VOL. 45 | NO. 34 | Friday, August 20, 2021
House to vote on bill bolstering landmark voting law
WASHINGTON (AP) — House Democrats are poised to pass legislation Tuesday that would strengthen a landmark civil rights-era voting law weakened by the Supreme Court over the past decade, a step party leaders tout as progress in their quest to fight back against voting restrictions advanced in Republican-led states.
But the bill, which is part of a broader Democratic effort to enact a sweeping overhaul of elections, faces dim prospects in the Senate.
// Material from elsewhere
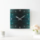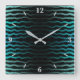 Square Wall Clock, Wandkunst Dekoration und dekoratives Dekorations-Accessoire mit Coastal Beach Salty Turquoise Waves Abstrakt Art Wiederholen Muster Design Original-Illustration von TheFabricSeal Print on Demand Shop unter Zazzle.com #ZazzleMade https://www.zazzle.com/store/thefabricseal TheFabricSeal ©️ Original. Moderne zeitgenössische Kunst, künstlerisch entworfen und gedruckt für Ihr Stranddesign Zuhause und Wohnaccessoires, Wohngestaltung, Modeerklärungen, modernes elektronisches Accessoire und Geschenktöne. Das ist ein wirklich cool aussehendes, vierteiliges Wiederholmuster, das die Illusion von türkisfarbenen Zebrafellstreifen aufweist. Dieser Pop mit dem Thema Strand an der Küste bietet viele Farbtöne wie blau grün türkis, aquamarin, Meerschaum, Aqua, Cyan, Zeleste, Opal, Aquamarine, Jade, Karibik, Tropen, Islander, Ozeanwasser und arktische Gletschereispalette auf einem Jet schwarzen Hintergrund darunter.
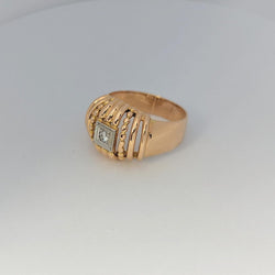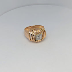 Bague en or rose et diamant 18 carats - 750 millièmes et platine Diamant d'environ 2 mm Tour de doigt 52 mm Largeur du haut de bague: 12,5 mm Poids brut: 5,44 gr

Democrats do not have enough votes to overcome opposition from Republicans, who have rejected the bill as "unnecessary" and a Democratic "power grab."
Their opposition puts Democrats right back where they started with a slim chance of passing any voting legislation because of a Senate bottleneck before the 2022 midterms elections, when some Democrats fear new GOP laws will make it harder for many Americans to vote.
But they still intend to try.
"We must not squander our Congressional Democratic Majorities and jeopardize the once-in-a-generation opportunity to create historic change," House Speaker Nancy Pelosi wrote in a letter to her House colleagues on Monday.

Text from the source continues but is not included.